◆ Input records:
⟨

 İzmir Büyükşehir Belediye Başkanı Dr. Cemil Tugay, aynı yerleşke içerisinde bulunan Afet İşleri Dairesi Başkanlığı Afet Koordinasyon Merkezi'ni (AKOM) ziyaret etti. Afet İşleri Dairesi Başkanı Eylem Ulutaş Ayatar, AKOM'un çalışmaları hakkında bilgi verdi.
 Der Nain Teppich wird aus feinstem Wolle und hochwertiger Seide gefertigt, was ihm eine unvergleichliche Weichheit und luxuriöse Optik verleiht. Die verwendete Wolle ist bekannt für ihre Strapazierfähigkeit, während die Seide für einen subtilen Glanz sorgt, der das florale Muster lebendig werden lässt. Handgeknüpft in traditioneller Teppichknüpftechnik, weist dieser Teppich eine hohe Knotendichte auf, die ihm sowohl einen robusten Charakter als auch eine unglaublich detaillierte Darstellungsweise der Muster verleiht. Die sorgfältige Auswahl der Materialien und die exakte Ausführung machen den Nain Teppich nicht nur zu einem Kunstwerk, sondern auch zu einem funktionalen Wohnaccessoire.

⟩
⟨

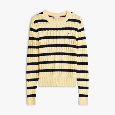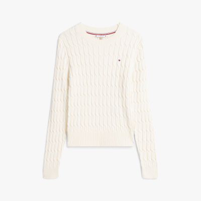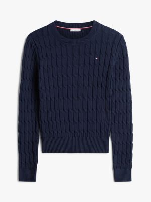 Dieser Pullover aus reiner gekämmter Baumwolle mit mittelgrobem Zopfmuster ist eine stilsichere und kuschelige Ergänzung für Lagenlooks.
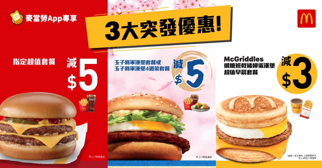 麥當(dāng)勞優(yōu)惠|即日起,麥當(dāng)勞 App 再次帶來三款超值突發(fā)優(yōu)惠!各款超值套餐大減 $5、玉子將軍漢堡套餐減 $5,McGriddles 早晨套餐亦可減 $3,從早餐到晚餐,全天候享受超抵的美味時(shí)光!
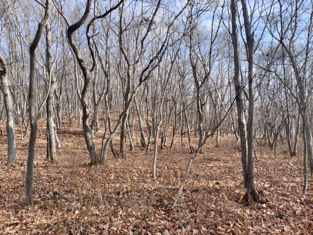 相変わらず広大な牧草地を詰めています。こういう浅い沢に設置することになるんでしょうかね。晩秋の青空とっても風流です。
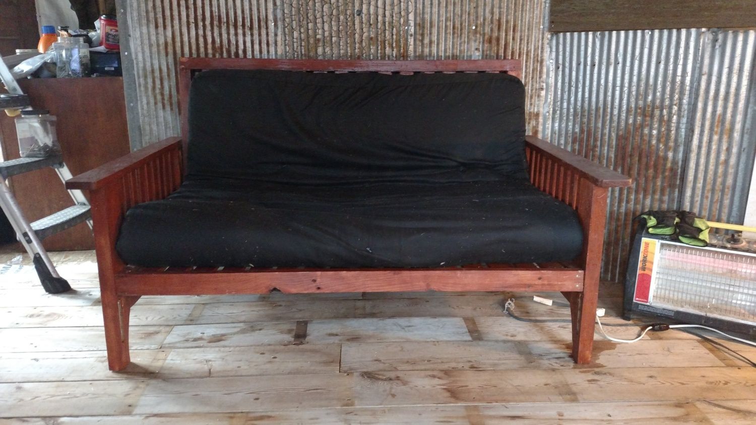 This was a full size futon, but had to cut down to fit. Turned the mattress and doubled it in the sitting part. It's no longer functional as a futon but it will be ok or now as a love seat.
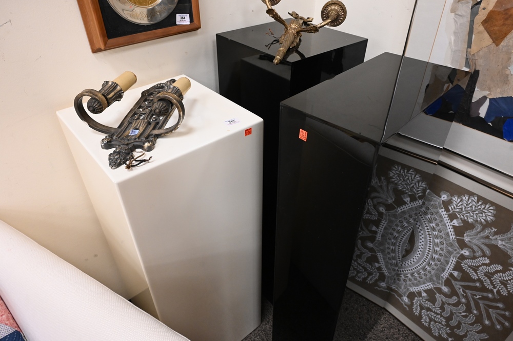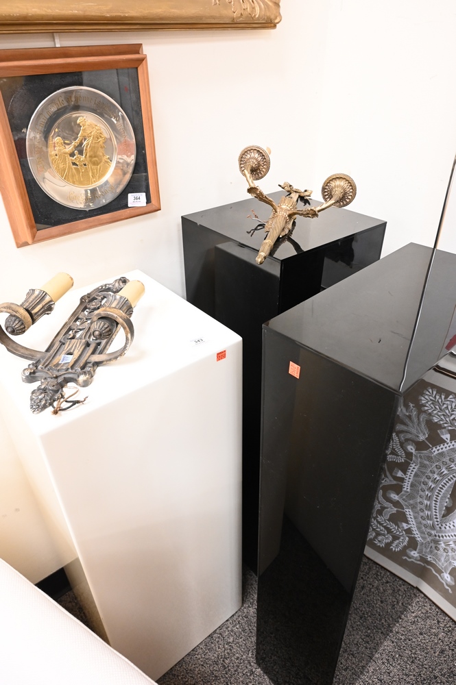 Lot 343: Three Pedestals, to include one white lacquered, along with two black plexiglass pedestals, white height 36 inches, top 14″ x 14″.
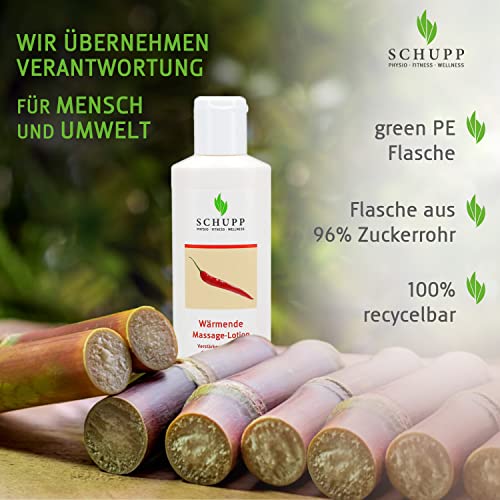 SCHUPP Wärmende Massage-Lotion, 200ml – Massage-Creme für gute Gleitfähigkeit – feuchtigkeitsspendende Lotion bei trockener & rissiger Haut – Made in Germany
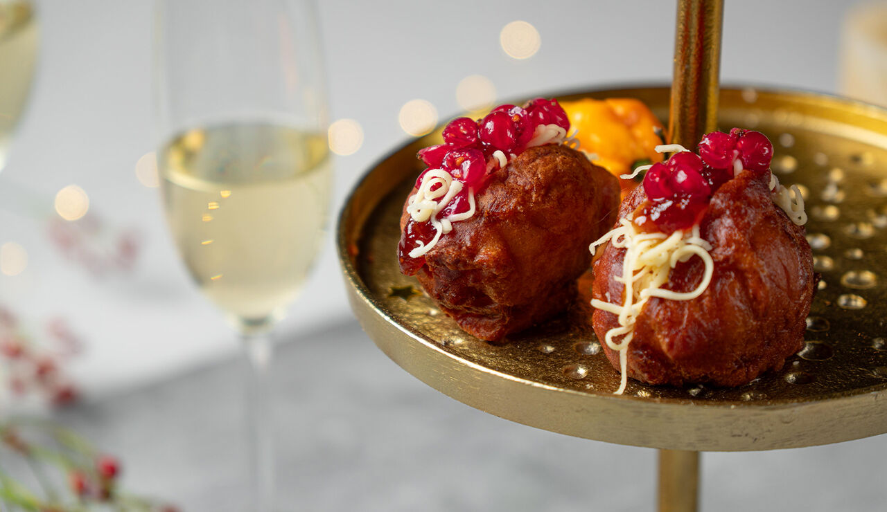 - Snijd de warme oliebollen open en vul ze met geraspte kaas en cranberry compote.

⟩
⟨

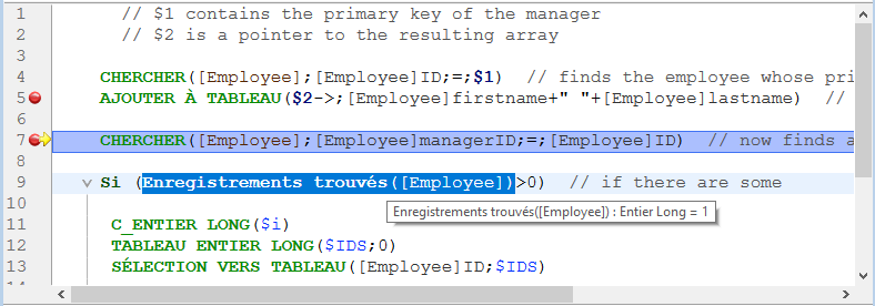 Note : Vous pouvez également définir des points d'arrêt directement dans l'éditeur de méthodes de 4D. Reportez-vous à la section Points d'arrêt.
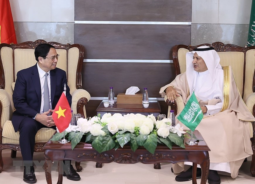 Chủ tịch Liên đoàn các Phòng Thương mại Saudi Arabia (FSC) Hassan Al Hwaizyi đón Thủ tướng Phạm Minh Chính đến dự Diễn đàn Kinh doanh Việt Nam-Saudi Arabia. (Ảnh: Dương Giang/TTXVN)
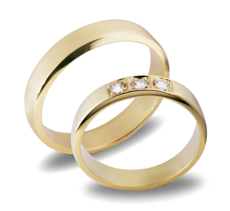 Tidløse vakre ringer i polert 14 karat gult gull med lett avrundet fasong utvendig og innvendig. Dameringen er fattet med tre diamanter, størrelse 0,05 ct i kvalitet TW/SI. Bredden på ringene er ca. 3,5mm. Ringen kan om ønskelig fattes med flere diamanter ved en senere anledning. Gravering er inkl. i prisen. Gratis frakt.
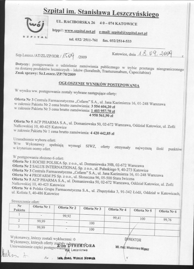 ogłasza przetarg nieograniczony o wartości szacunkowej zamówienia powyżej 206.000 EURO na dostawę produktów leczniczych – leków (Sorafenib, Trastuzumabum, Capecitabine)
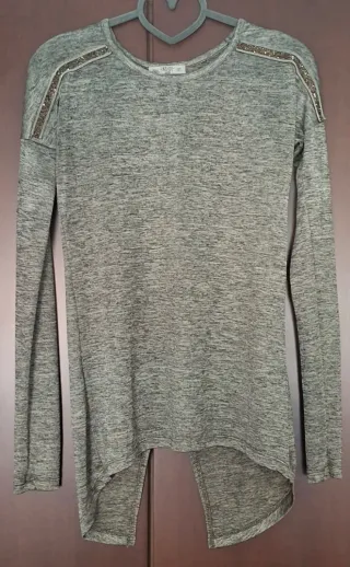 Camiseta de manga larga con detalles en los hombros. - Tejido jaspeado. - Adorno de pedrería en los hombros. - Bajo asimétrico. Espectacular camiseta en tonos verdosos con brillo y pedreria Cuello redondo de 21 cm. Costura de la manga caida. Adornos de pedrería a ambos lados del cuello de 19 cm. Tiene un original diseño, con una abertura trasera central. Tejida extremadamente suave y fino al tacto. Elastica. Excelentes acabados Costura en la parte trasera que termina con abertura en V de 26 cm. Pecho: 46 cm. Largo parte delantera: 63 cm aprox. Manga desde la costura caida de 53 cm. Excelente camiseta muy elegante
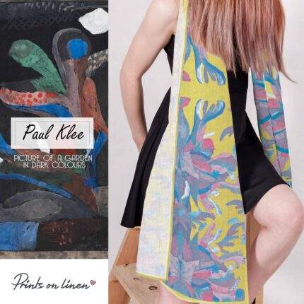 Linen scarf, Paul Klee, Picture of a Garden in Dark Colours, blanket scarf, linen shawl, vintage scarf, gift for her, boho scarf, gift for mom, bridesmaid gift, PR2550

⟩

◆ What you should do:
Quote the data above exactly from the line with "Dieser Pullover aus" to the line with "- Snijd de warme", both ends counted, and nothing else. Pictures don't go in.

◆ Reply:
 Dieser Pullover aus reiner gekämmter Baumwolle mit mittelgrobem Zopfmuster ist eine stilsichere und kuschelige Ergänzung für Lagenlooks.
 麥當(dāng)勞優(yōu)惠|即日起,麥當(dāng)勞 App 再次帶來三款超值突發(fā)優(yōu)惠!各款超值套餐大減 $5、玉子將軍漢堡套餐減 $5,McGriddles 早晨套餐亦可減 $3,從早餐到晚餐,全天候享受超抵的美味時(shí)光!
 相変わらず広大な牧草地を詰めています。こういう浅い沢に設置することになるんでしょうかね。晩秋の青空とっても風流です。
 This was a full size futon, but had to cut down to fit. Turned the mattress and doubled it in the sitting part. It's no longer functional as a futon but it will be ok or now as a love seat.
 Lot 343: Three Pedestals, to include one white lacquered, along with two black plexiglass pedestals, white height 36 inches, top 14″ x 14″.
 SCHUPP Wärmende Massage-Lotion, 200ml – Massage-Creme für gute Gleitfähigkeit – feuchtigkeitsspendende Lotion bei trockener & rissiger Haut – Made in Germany
 - Snijd de warme oliebollen open en vul ze met geraspte kaas en cranberry compote.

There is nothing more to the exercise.